» **Work required**
Omitting the pictures, restate all of the entries below exactly.

_ _ _ _ _ _ _

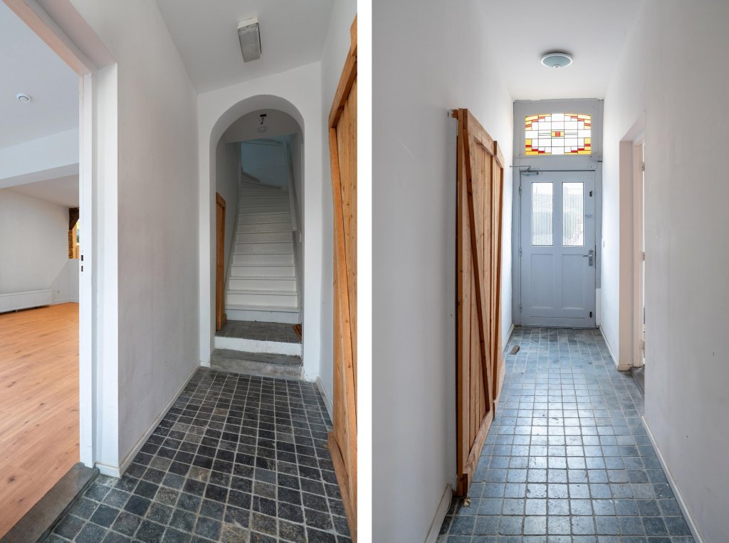 De entree op de begane grond biedt toegang tot een ruime hal met de meterkast. Hier bevindt zich ook de vaste trap die leidt naar de 2 overige appartementen.
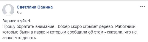 "Прошу обратить внимание - бобер скоро сгрызет дерево. Работники, которые были в парке и которым сообщили об этом, сказали, что не знают, что делать", - написала Светлана.
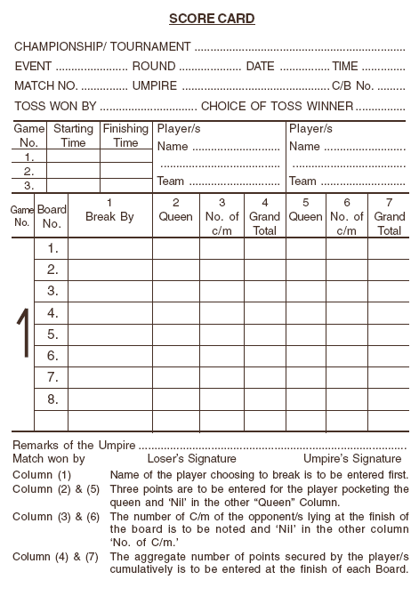 - ‘Board’ shall mean from the commencement of a board, after Umpire calls ‘Play’ till its completion on pocketing of last C/m of any player.
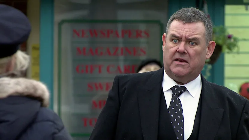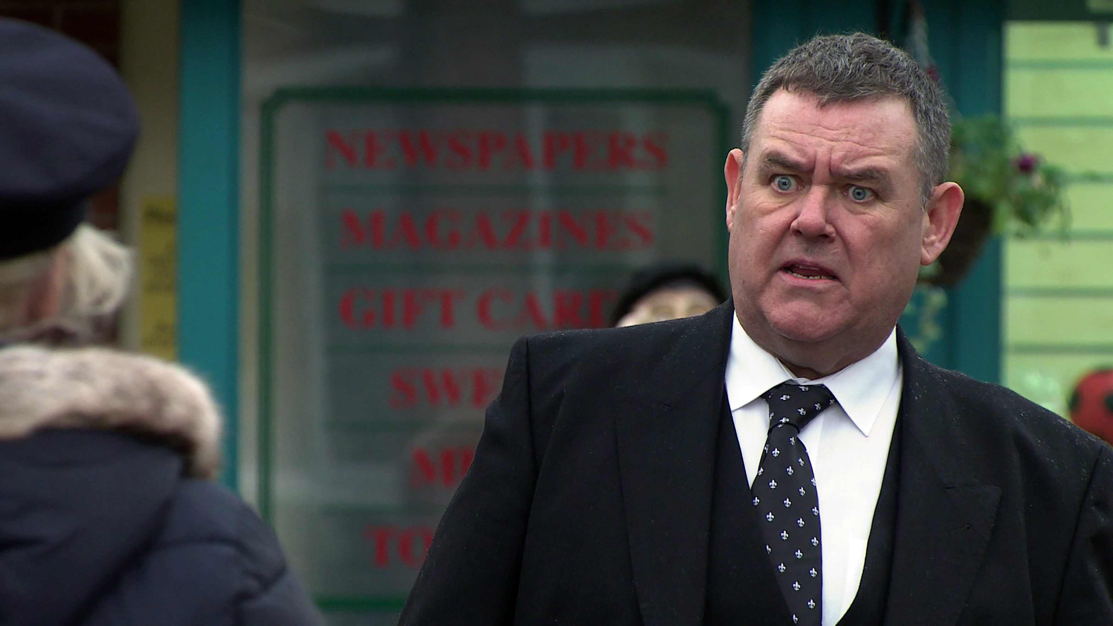 The comedy storyline involves Steve, Tim, Eileen, George and a hearse. Tim and Steve argue over who gets to drive the hearse:- Steve does a Lewis Hamilton around the cobbles and so Tim wins the funereal driving test. They then have to be inspected by Eileen in their dark suits and told to take things a bit more seriously. They do not do this, instead they take the p out of Eileen for her crush on George. Are Gorgeous George and Eileen going to get together? Although Peter could soon be single and Eileen likes a car crash.
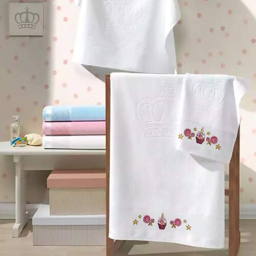 Toalha felpuda para bordar encorpada, com motivos infantis em jacquard. Tendo 60 pontos na altura da barra.

_ _ _ _ _ _ _

» **Response for this exercise**
 De entree op de begane grond biedt toegang tot een ruime hal met de meterkast. Hier bevindt zich ook de vaste trap die leidt naar de 2 overige appartementen.
 "Прошу обратить внимание - бобер скоро сгрызет дерево. Работники, которые были в парке и которым сообщили об этом, сказали, что не знают, что делать", - написала Светлана.
 - ‘Board’ shall mean from the commencement of a board, after Umpire calls ‘Play’ till its completion on pocketing of last C/m of any player.
 The comedy storyline involves Steve, Tim, Eileen, George and a hearse. Tim and Steve argue over who gets to drive the hearse:- Steve does a Lewis Hamilton around the cobbles and so Tim wins the funereal driving test. They then have to be inspected by Eileen in their dark suits and told to take things a bit more seriously. They do not do this, instead they take the p out of Eileen for her crush on George. Are Gorgeous George and Eileen going to get together? Although Peter could soon be single and Eileen likes a car crash.
 Toalha felpuda para bordar encorpada, com motivos infantis em jacquard. Tendo 60 pontos na altura da barra.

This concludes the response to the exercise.